FeatureRequest/HelpNeeded: highlight is not an exact subset of the text content
thiswillbeyourgithub opened this issue · 4 comments
Hi,
I'm the dev behind LogseqMarkdownParser and am working on a small script to directly turn highlights into anki flashcards.
It's not yet working because I'm running into an issue with text formats.
You see, I don't just want the highlight to be sent to anki, I want to grab the 1000 ish characters before and after the highlight, make a cloze card (= putting a hole in the text and you have to guess the content) with the highlight then sending that to anki.
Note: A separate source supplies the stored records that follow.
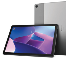
TAB M10 TB-328XU
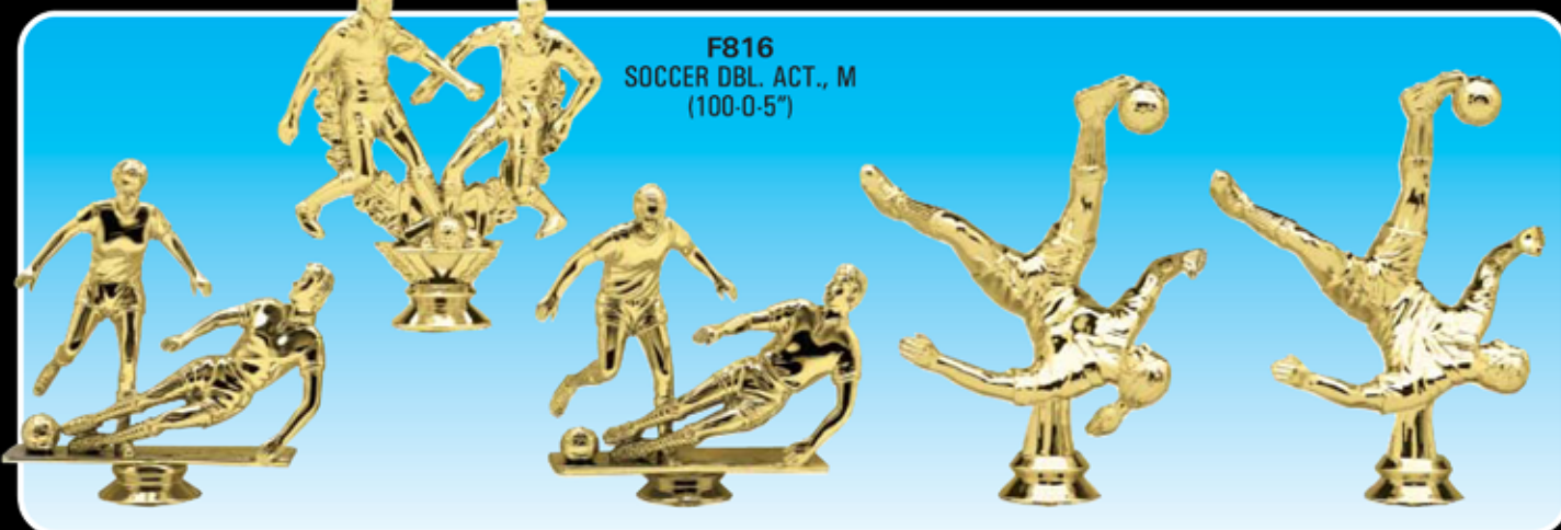
F816 SOCCER DBL. ACT., M (100-O-5")
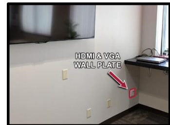
Wall Plate Location
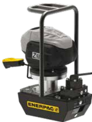
ZC-Series, Battery-Powered Pumps
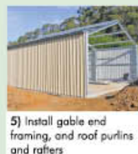
5) Install gable end framing, and roof purlins and rafters

The main issue I have is that for example I have this highlight:
For example, suppose ΔW is the weight update for a weight matrix W∈RA×B.
And the relevant section of text is this:
For example, suppose \\(\\Delta W\\) is the weight update for a weight ' 'matrix \\(W \\in \\mathbb{R}^{A \\times B}\\).
I'm guessing this is mathjax.
I can't seem to find a good python lib to parse mathjax into text, or text into mathjax, let alone reliably.
So is it possible to:
- Either add
{{{rawText}}}
for the highlight, that would not be parsed (so would still contain the mathjax) - Or parse the content of the article just like the highlight (currently only the highlight is parsed to text)
- Also, it seems the position highlight is broken because they are all equal to 0 on my end. Is this normal?
Thanks!
Hi ! Just a quick bump as I would really like to wrap up my project while I got some free time :) But if you can't find the time to take a look it totally fine of course!
Hi i think what you are seeing in the highlight text is raw text or at least markdown. Can you post a screenshot of the highlight itself?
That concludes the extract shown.